What you need to do:
Word for word, return each entry that follows, with every image removed.

Input data:
Start of Block

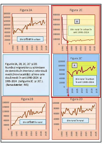 Dinamica din rural, în figurile 2C și 2D, pare diferită, cu creștere din rural în rural și progres minor din rural în urban după excepționala creștere din anul 1990. Avem aici un exemplu clar de modul în care o scară verticală cu valoare excepțională doar în primul an al seriei, 1990, estompează diferențierea dezvoltărilor din anii următori. Soluția este reconstruirea figurii 2C numai pentru anii 1995-2024. Este figura 2C’, în care apare clar diferențierea valorilor și alura progresivă a curbei migrației din rural în urban după anul 1990.
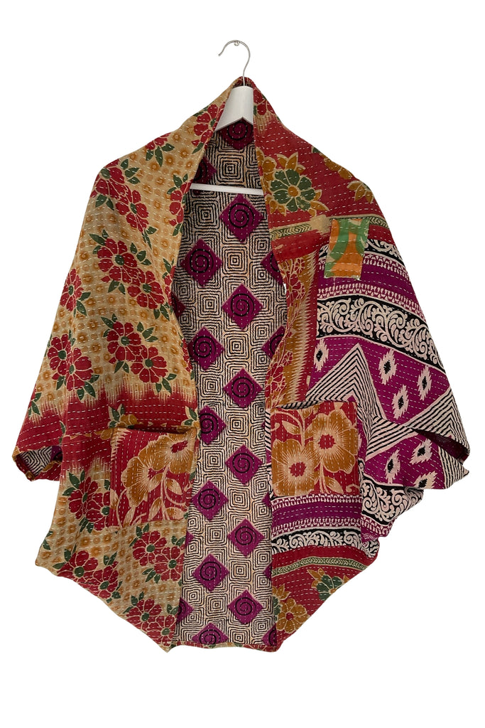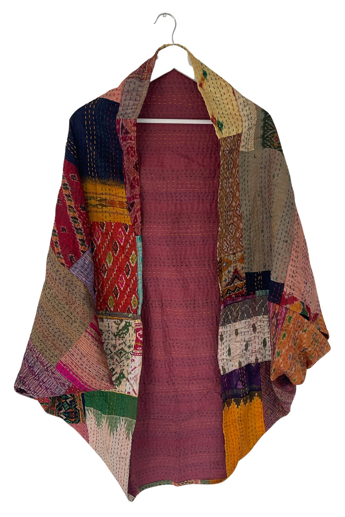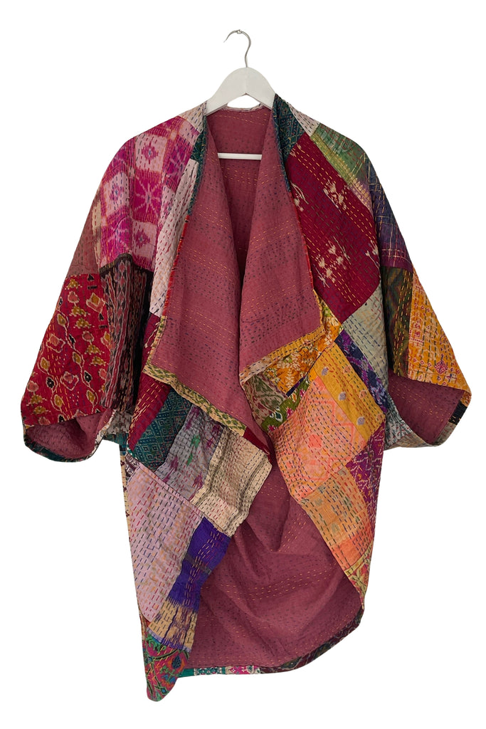 Our one-of-a-kind Stories Collection uses vintage saris used whole or patched together by women artisans in Barmer, Rajasthan using a kantha stitch. Each piece is unique, carrying with it the story of the women whose sari it was, and of the one who patched it together.
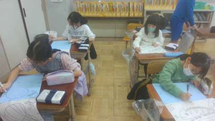 図画工作科の学習では、版に写す学習をしました。子どもたちは初めてのカーボン紙を使っての学習でなぞると版に写ってとても驚いている姿が見られました。落ち着いて丁寧に写すことができました。
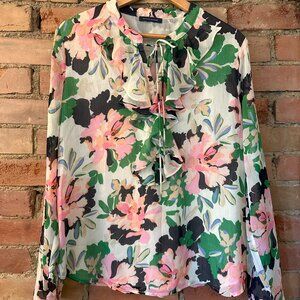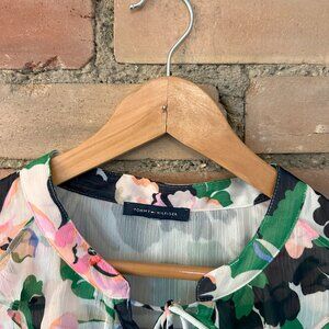 TOMMY HILFIGER Sheer Long Sleeve Blouse – Multicolour Print, Feminine & Flowy
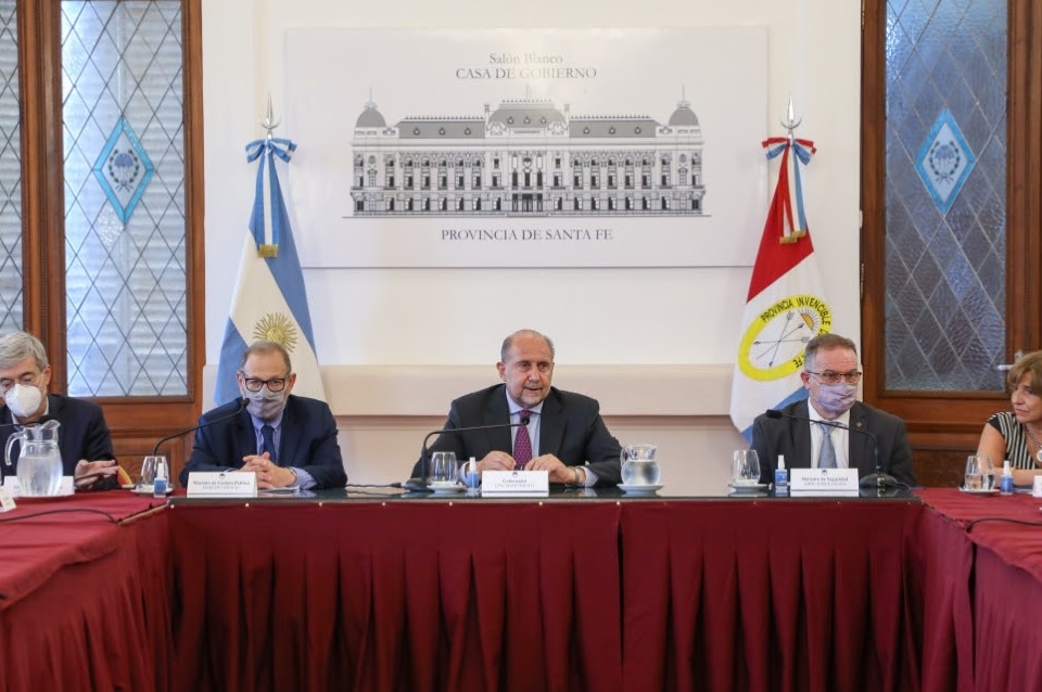 El gobernador Omar Perotti se reunió este lunes con legisladores nacionales en el Salón Blanco de Casa de Gobierno. Luego del encuentro, el ministro de Gestión Pública, Marcos Corach, precisó que “tanto el gobernador, como el ministro de Seguridad (Jorge Lagna), expresaron las dificultades con las que nos encontramos; así como el nivel de inversión y lo previsto para los próximos meses en términos de seguridad”.
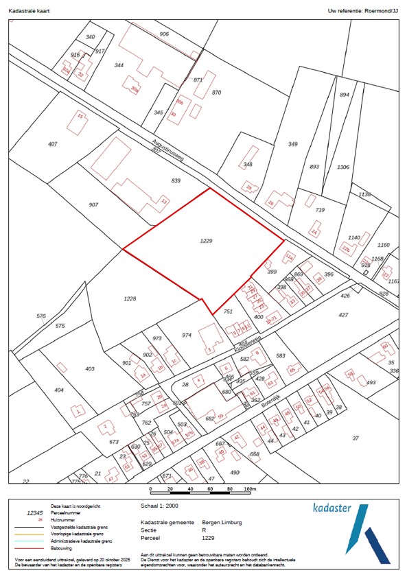 Gemeente Bergen Limburg, sectie R, nummer 1229, groot 01.01.46 ha.
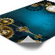 Türkis, strukturiert, Steampunkhintergrund mit Messing- und Goldgetrieben, Silberschlüssel und Uhr. Steampunkstil.
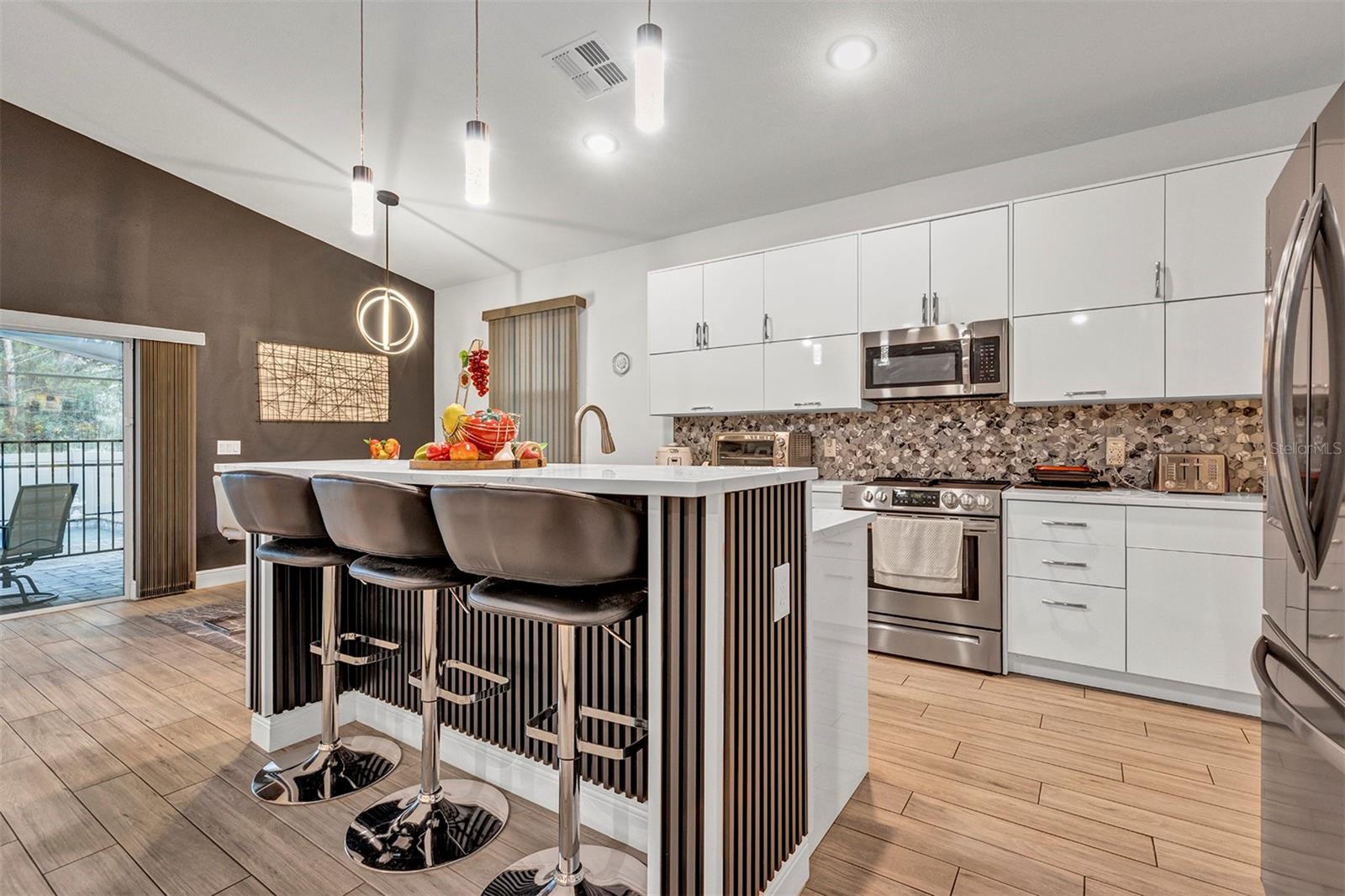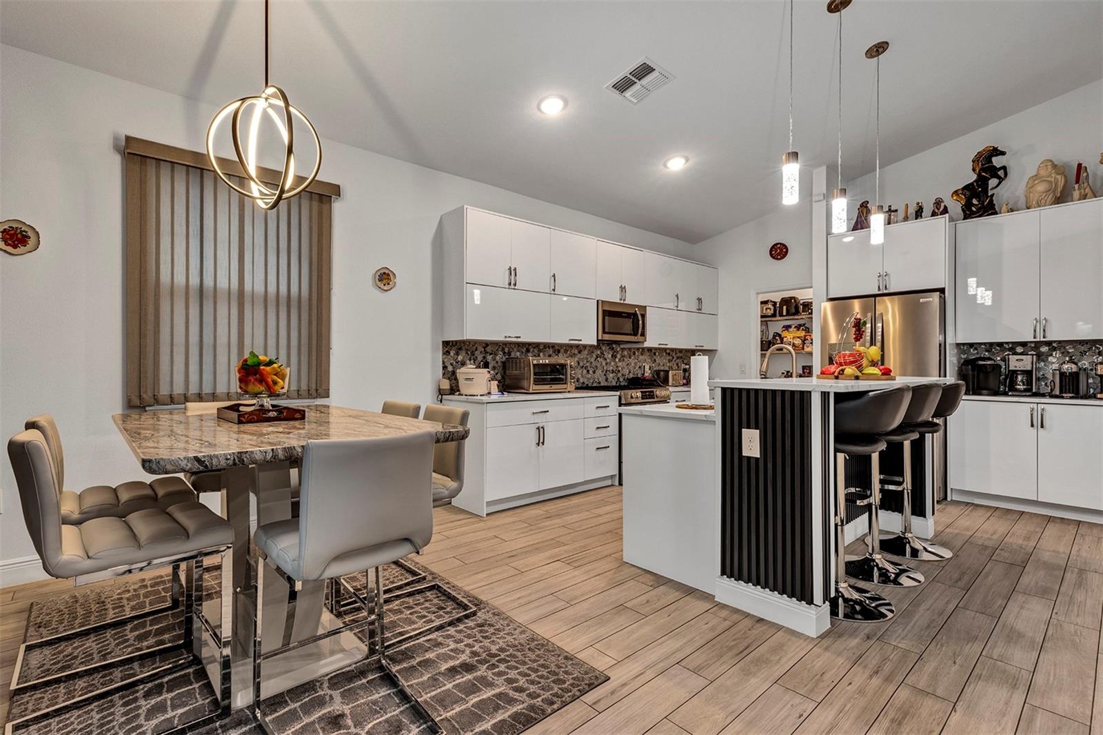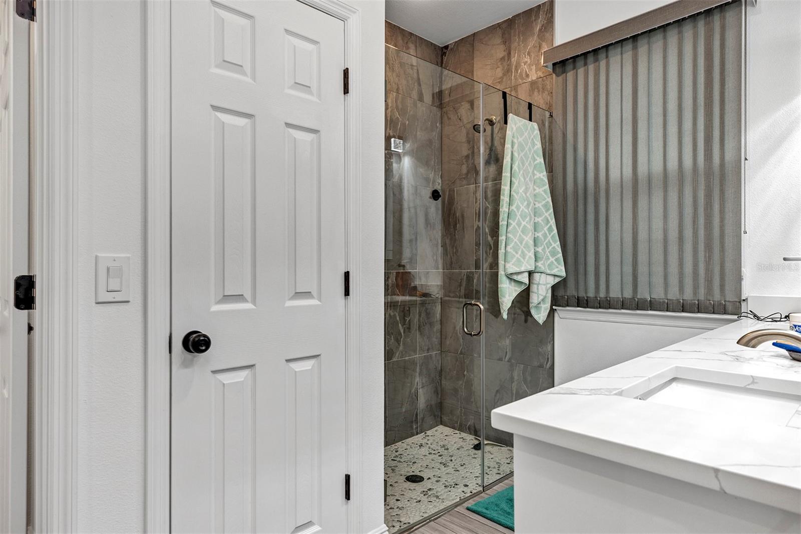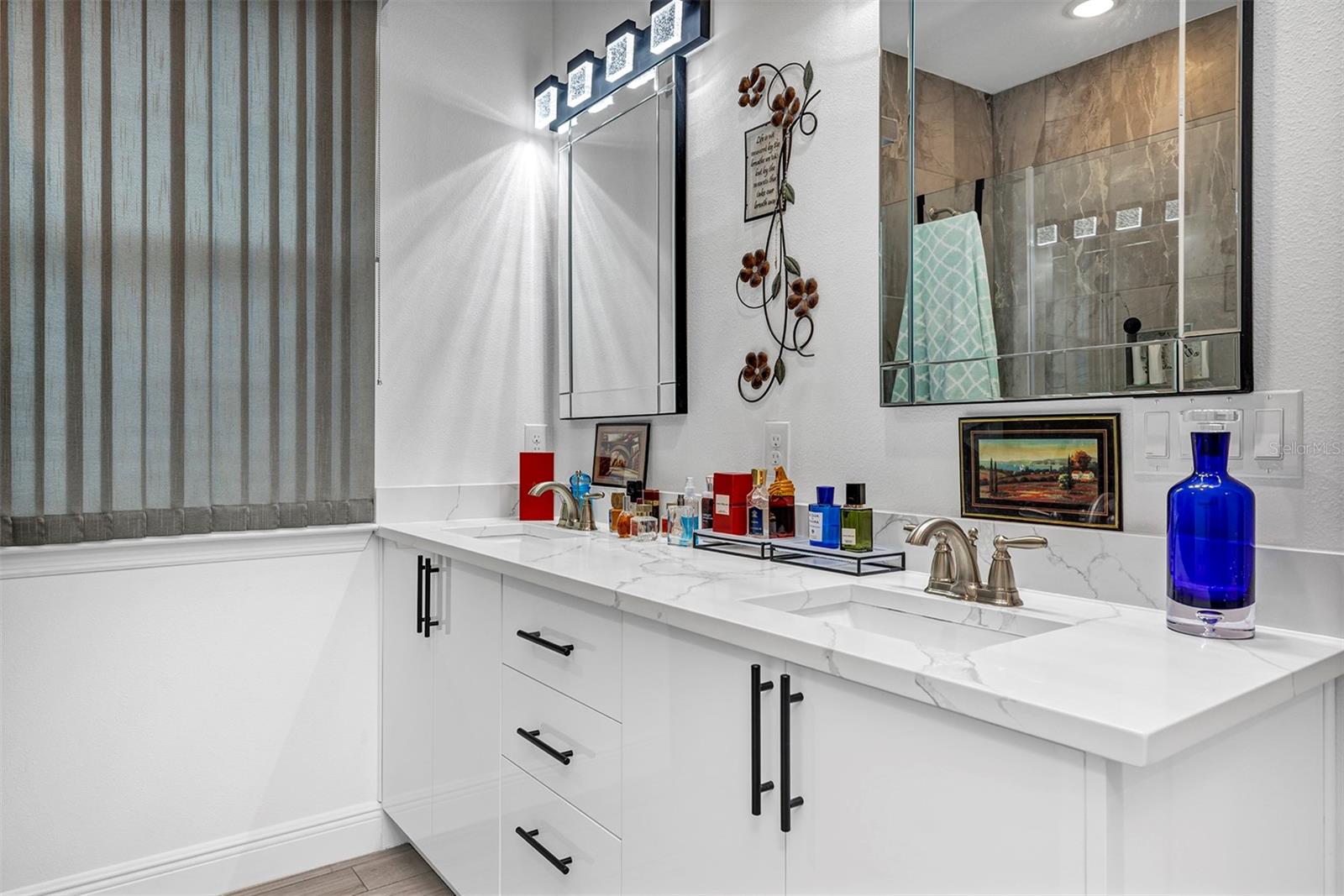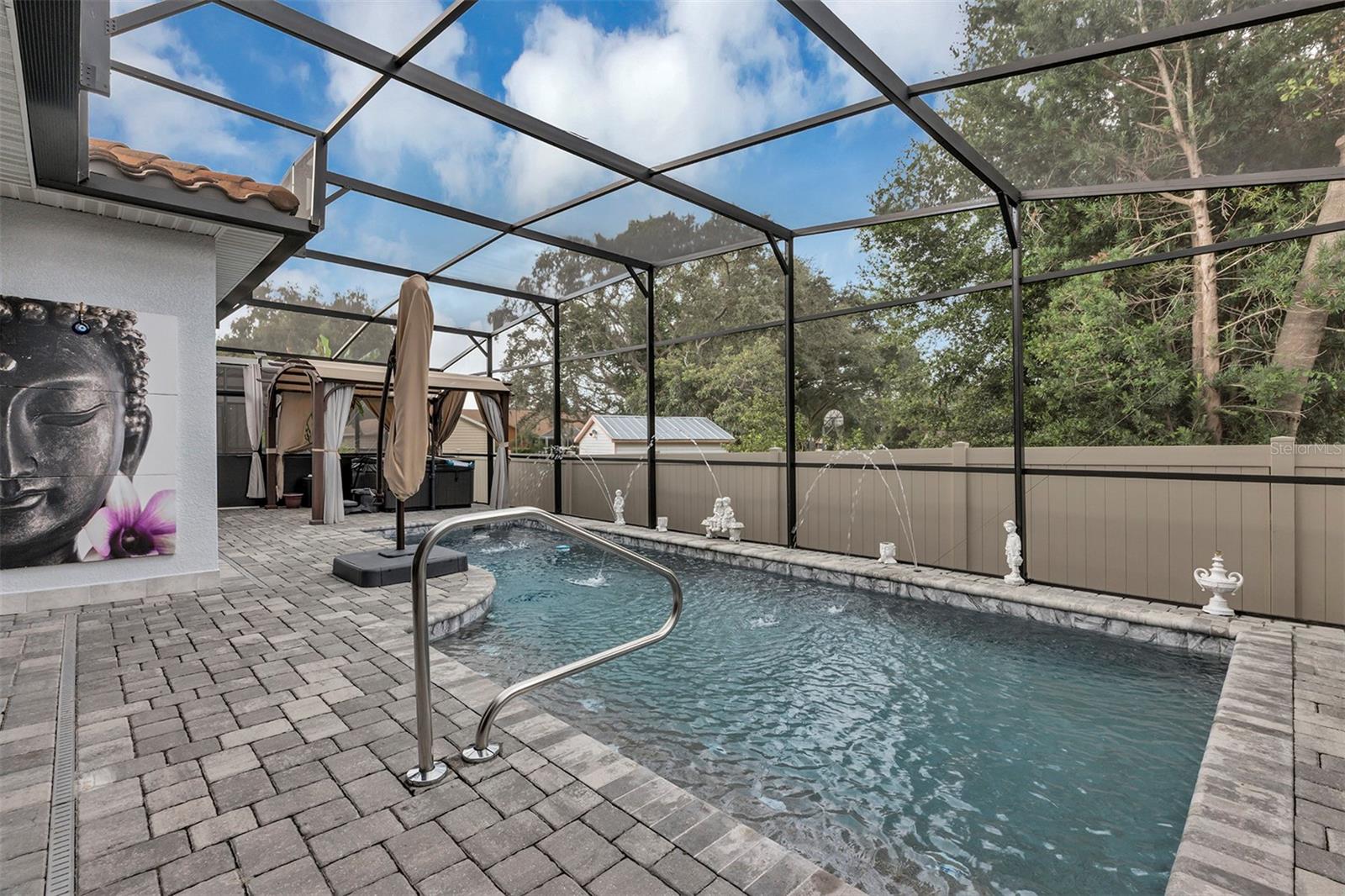 Welcome to 379 Villa Sorrento Circle, where modern luxury meets Florida living! This stunning one-story home combines modern design, functionality, and meticulous care! With 4 bedrooms, 3.5 baths, and an open-concept floor plan, this residence offers both privacy and seamless flow for everyday living and entertaining. Step inside and be greeted by expansive porcelain tile floors throughout and a thoughtfully designed layout. The gourmet kitchen is a chef’s dream, featuring 42-inch cabinetry, upgraded quartz countertops, a spacious two-tier island, and a hidden walk-in pantry. The kitchen opens to the dining and living areas, creating the perfect gathering space for family and friends. The private primary suite is tucked away in the rear of the home and showcases dual walk-in closets and a luxurious en suite bath with double vanities, a walk-in shower, and an additional bath/shower combo. A large front bedroom with its own walk-in closet provides extra comfort, while two middle bedrooms share a Jack-and-Jill bathroom with dual vanities and a walk-in shower. Enjoy Florida’s indoor-outdoor lifestyle with a 12-foot sliding glass door that opens to the screened lanai. Here you’ll find a sparkling pool, above-ground hot tub under a gazebo, and a poolside half bath with outdoor shower. The lanai is perfect for alfresco dining and includes space for a future outdoor kitchen. This property boasts professional landscaping with curb appeal, epoxy coated garage floor and spacious laundry/utility room. Located in the desirable Villa Sorrento community, residents enjoy resort-style amenities and a prime location near world-famous attractions including Disney, Universal, SeaWorld, Legoland, and more. Conveniently situated between both Florida coasts, this home provides easy access to beaches, dining, shopping, and entertainment. This is modern Florida living at its finest—move-in ready and waiting for you. Schedule your private showing today!

End of Block

Reply to the exercise:
 Dinamica din rural, în figurile 2C și 2D, pare diferită, cu creștere din rural în rural și progres minor din rural în urban după excepționala creștere din anul 1990. Avem aici un exemplu clar de modul în care o scară verticală cu valoare excepțională doar în primul an al seriei, 1990, estompează diferențierea dezvoltărilor din anii următori. Soluția este reconstruirea figurii 2C numai pentru anii 1995-2024. Este figura 2C’, în care apare clar diferențierea valorilor și alura progresivă a curbei migrației din rural în urban după anul 1990.
 Our one-of-a-kind Stories Collection uses vintage saris used whole or patched together by women artisans in Barmer, Rajasthan using a kantha stitch. Each piece is unique, carrying with it the story of the women whose sari it was, and of the one who patched it together.
 図画工作科の学習では、版に写す学習をしました。子どもたちは初めてのカーボン紙を使っての学習でなぞると版に写ってとても驚いている姿が見られました。落ち着いて丁寧に写すことができました。
 TOMMY HILFIGER Sheer Long Sleeve Blouse – Multicolour Print, Feminine & Flowy
 El gobernador Omar Perotti se reunió este lunes con legisladores nacionales en el Salón Blanco de Casa de Gobierno. Luego del encuentro, el ministro de Gestión Pública, Marcos Corach, precisó que “tanto el gobernador, como el ministro de Seguridad (Jorge Lagna), expresaron las dificultades con las que nos encontramos; así como el nivel de inversión y lo previsto para los próximos meses en términos de seguridad”.
 Gemeente Bergen Limburg, sectie R, nummer 1229, groot 01.01.46 ha.
 Türkis, strukturiert, Steampunkhintergrund mit Messing- und Goldgetrieben, Silberschlüssel und Uhr. Steampunkstil.
 Welcome to 379 Villa Sorrento Circle, where modern luxury meets Florida living! This stunning one-story home combines modern design, functionality, and meticulous care! With 4 bedrooms, 3.5 baths, and an open-concept floor plan, this residence offers both privacy and seamless flow for everyday living and entertaining. Step inside and be greeted by expansive porcelain tile floors throughout and a thoughtfully designed layout. The gourmet kitchen is a chef’s dream, featuring 42-inch cabinetry, upgraded quartz countertops, a spacious two-tier island, and a hidden walk-in pantry. The kitchen opens to the dining and living areas, creating the perfect gathering space for family and friends. The private primary suite is tucked away in the rear of the home and showcases dual walk-in closets and a luxurious en suite bath with double vanities, a walk-in shower, and an additional bath/shower combo. A large front bedroom with its own walk-in closet provides extra comfort, while two middle bedrooms share a Jack-and-Jill bathroom with dual vanities and a walk-in shower. Enjoy Florida’s indoor-outdoor lifestyle with a 12-foot sliding glass door that opens to the screened lanai. Here you’ll find a sparkling pool, above-ground hot tub under a gazebo, and a poolside half bath with outdoor shower. The lanai is perfect for alfresco dining and includes space for a future outdoor kitchen. This property boasts professional landscaping with curb appeal, epoxy coated garage floor and spacious laundry/utility room. Located in the desirable Villa Sorrento community, residents enjoy resort-style amenities and a prime location near world-famous attractions including Disney, Universal, SeaWorld, Legoland, and more. Conveniently situated between both Florida coasts, this home provides easy access to beaches, dining, shopping, and entertainment. This is modern Florida living at its finest—move-in ready and waiting for you. Schedule your private showing today!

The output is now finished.